Project Euler Problem 78 Statement

Let $p(n)$ represent the number of different ways in which $n$ coins can be separated into piles. For example, five coins can be separated into piles in exactly seven different ways, so $p(5)=7$.

Find the least value of $n$ for which $p(n)$ is divisible by one million.

Solution

Below is an explanation of how this script computes the partition numbers (the number of ways to write an integer as a sum of positive integers, disregarding order) using a known recurrence based on pentagonal numbers. The script applies a classic result from number theory sometimes referred to as the "pentagonal number theorem" or "Euler's pentagonal number formula." It then stores these partition values in a list, using modular arithmetic to keep values within the limits of $10^9 + 7 $. Finally, for each user query, it outputs the precomputed result.

Overview of the Pentagonal Number Formula

1. Pentagonal Numbers
   Euler observed that the generating function for the partition function can be used to derive a recurrence involving generalized pentagonal numbers, which are given by: $$ p_i = \frac{i(3i - 1)}{2} \quad \text{and} \quad \frac{i(3i + 1)}{2}, $$ for integers $i$. In this script, they appear in the form $p = \frac{i (3i - 1)}{2}$ and $p + i$, covering both positive and negative indices of $k$. These numbers are called pentagonal because of their shape in certain geometric constructions.
2. Signs in the Recurrence
   Because of the expansion of the generating function, the signs for these terms follow a repeated pattern of + + - - (or $1,\, 1,\, -1,\, -1$). This pattern ensures that we alternately add and subtract certain partition values, capturing the correct coefficients in the infinite product/series identity used by Euler.

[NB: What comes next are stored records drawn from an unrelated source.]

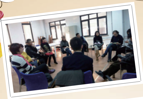
青岛宁夏路成立的存在主义-封闭式-家长效能成长团体活动现场。
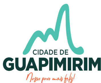
Tabela de Remuneração das Funções Gratificadas da Guarda Civil Municipal e Guarda Ambiental do Município de Guapimirim* e Defesa Civil**
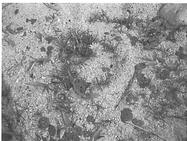
Ixeris repens ハマニガナ
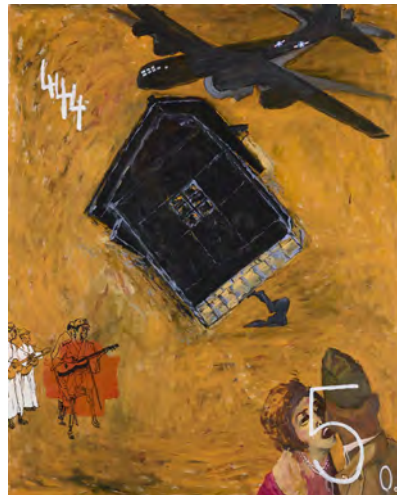
68 Last B29 2019 油彩・布 162.0×130.0cm 作家蔵(横尾忠則現代美術館寄託)
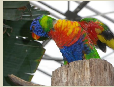
Ne pas donner de pain aux oiseaux
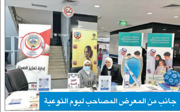
جانب من المعرض المصاحب ليوم التوعية
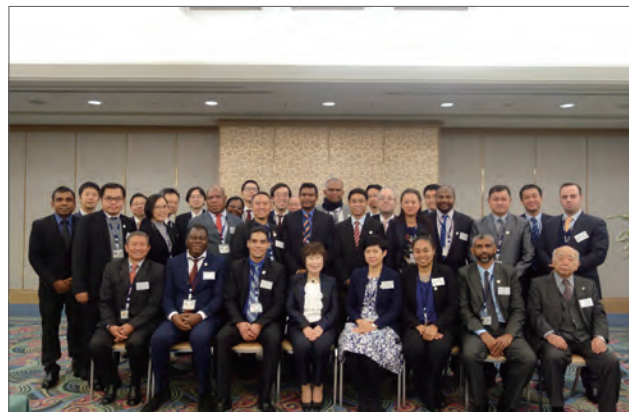
アジア刑政財団広島支部主催交流会

また、保護司アジア研協力会等多くのボランティアの方々からも、研修参加者を対象とするホームヴィジットや茶道体験など、研修参加者が幅広く日本文化に接する機会を提供していただいています。
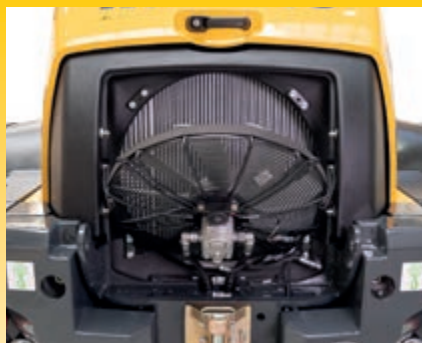
Kippbarer Kühlerlüfter für bequeme Reinigung
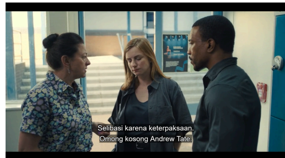
Gambar 8. Diagnose Causes Adolescence

Akar krisis maskulinitas Jamie berasal dari ekosistem yang kompleks: sekolah yang permisif terhadap perundungan berbasis gender, pergaulan sebaya yang mereproduksi norma maskulin hegemonik, keluarga yang absen secara emosional, dan ruang digital yang membanjiri remaja dengan ideologi misoginis. Faktor-faktor ini membentuk jejaring penyebab yang saling menguatkan, membuat Jamie rentan menginternalisasi pola pikir yang destruktif.
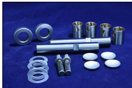
สลักเพลลาหน้า DUTSUN 521 No. 40022-14825
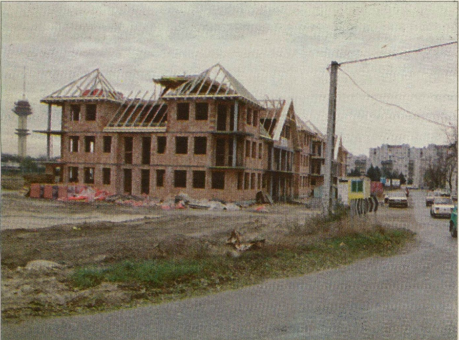
Új lakónegyed épül Szegeden. Házakat építenek a Franciahögyön.

Explanation of the solution

1. Initialization

   MOD = 10**9 + 7
   signs = [1, 1, -1, -1]
   partitions = [1] + [0]*60 000

   • MOD is set to $10^9 + 7$ for modular arithmetic.
   • signs contains the pattern [1, 1, -1, -1] that will be used repeatedly in the recurrence.
   • partitions is a list that will store the number of partitions for each integer $n$. We initialize partitions[0] to 1 (the number of ways to partition zero is 1, by convention) and the rest to 0 up to 60 000.
2. Generate Pentagonal Numbers

   pentagonals = []
   for i in range(1, 202):
       p = i * (3*i - 1) // 2
       pentagonals.extend([p, p+i])

   • We generate generalized pentagonal numbers up to a certain point (in this case, $i$ goes up to 201) to cover enough values for our needs up to n = 60000.
   • The pentagonal numbers p = i * (3*i - 1) // 2 and also p + i, which corresponds to the "negative" indices or the other branch of the formula, are store into the pentagonals[] list for each i.
3. How we determine the number of pentagonals needed

   Let's solve the inequality:

   \[ \frac{i(3i - 1)}{2} \ge 60{,}000. \]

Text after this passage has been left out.